Stored items:
Content starts

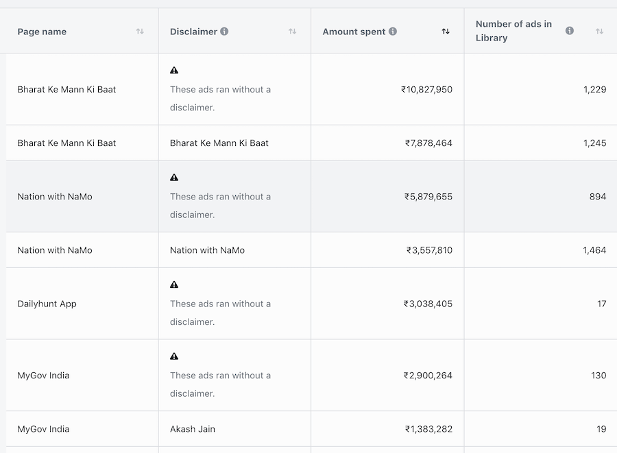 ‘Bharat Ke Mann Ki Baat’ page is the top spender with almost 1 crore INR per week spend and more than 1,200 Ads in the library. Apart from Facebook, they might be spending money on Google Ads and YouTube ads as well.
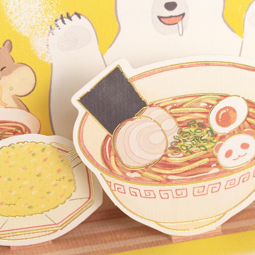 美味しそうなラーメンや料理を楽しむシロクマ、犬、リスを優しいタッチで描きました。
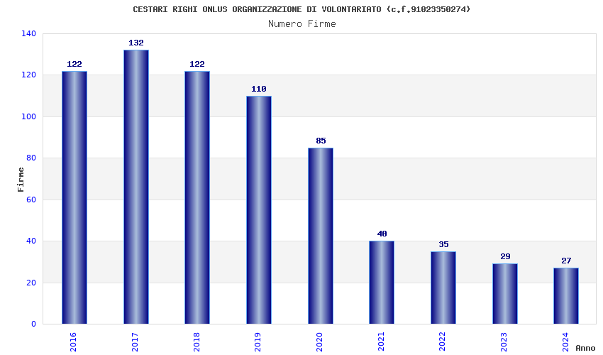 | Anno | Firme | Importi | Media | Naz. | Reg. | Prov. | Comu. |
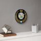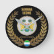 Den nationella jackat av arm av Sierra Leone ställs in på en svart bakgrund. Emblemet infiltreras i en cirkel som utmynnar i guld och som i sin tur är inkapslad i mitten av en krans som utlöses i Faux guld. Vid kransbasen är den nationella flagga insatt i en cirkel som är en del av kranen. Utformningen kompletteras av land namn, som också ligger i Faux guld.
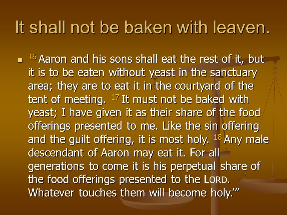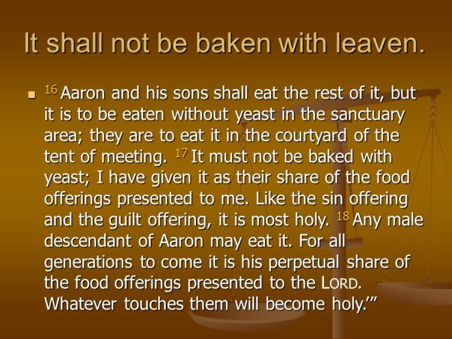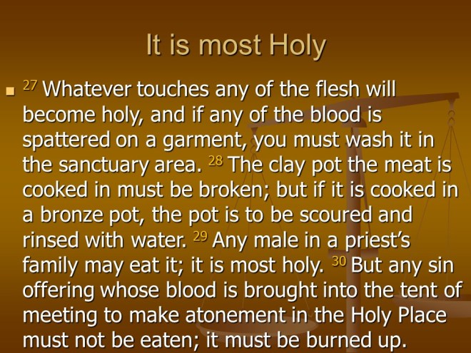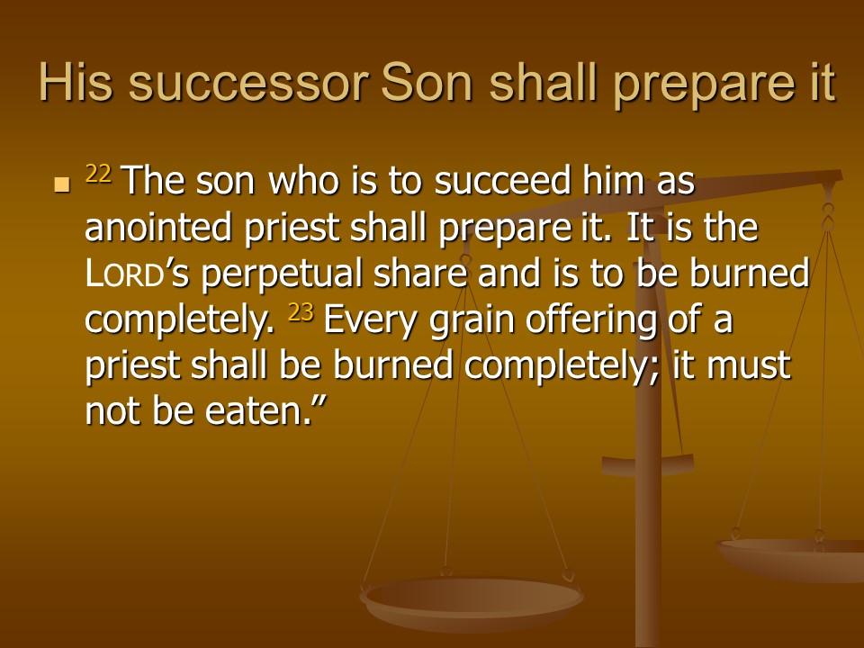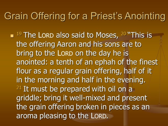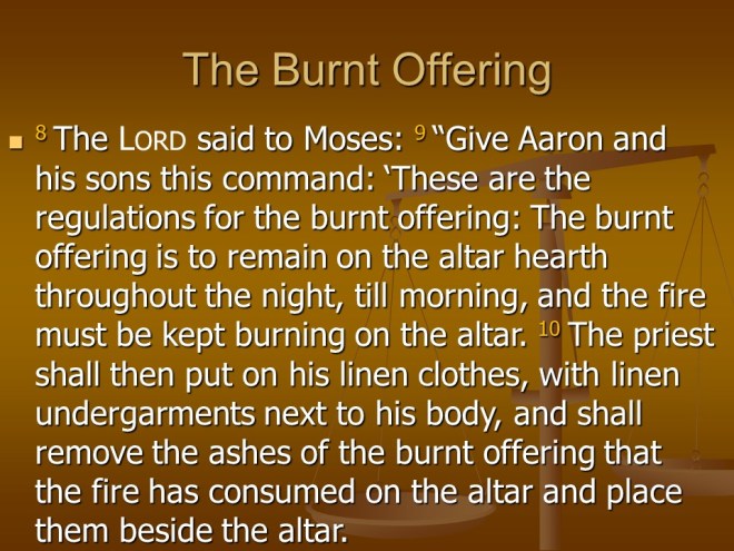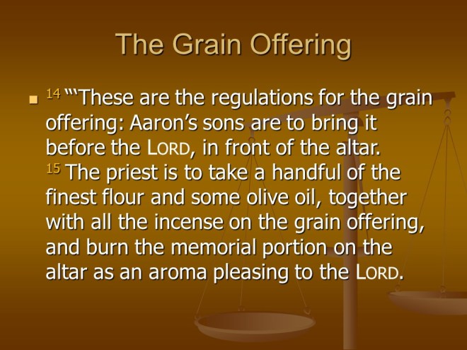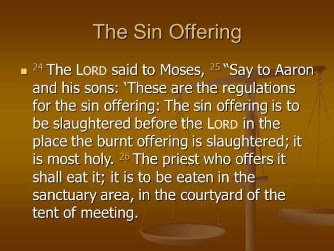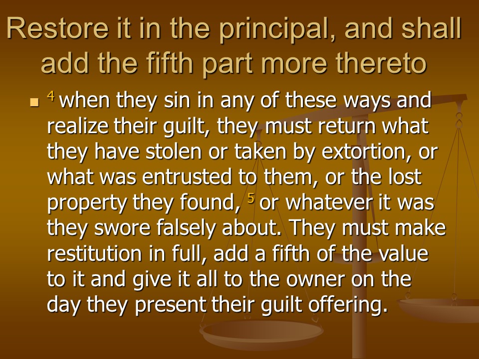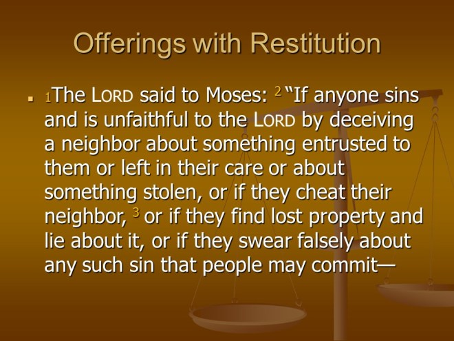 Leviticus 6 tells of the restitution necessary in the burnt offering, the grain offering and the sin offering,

Content ends

**WHAT TO PRODUCE**.
Output each entry exactly. Skip the pictures.

**YOUR RESPONSE**.
 ‘Bharat Ke Mann Ki Baat’ page is the top spender with almost 1 crore INR per week spend and more than 1,200 Ads in the library. Apart from Facebook, they might be spending money on Google Ads and YouTube ads as well.
 美味しそうなラーメンや料理を楽しむシロクマ、犬、リスを優しいタッチで描きました。
 | Anno | Firme | Importi | Media | Naz. | Reg. | Prov. | Comu. |
 Den nationella jackat av arm av Sierra Leone ställs in på en svart bakgrund. Emblemet infiltreras i en cirkel som utmynnar i guld och som i sin tur är inkapslad i mitten av en krans som utlöses i Faux guld. Vid kransbasen är den nationella flagga insatt i en cirkel som är en del av kranen. Utformningen kompletteras av land namn, som också ligger i Faux guld.
 Leviticus 6 tells of the restitution necessary in the burnt offering, the grain offering and the sin offering,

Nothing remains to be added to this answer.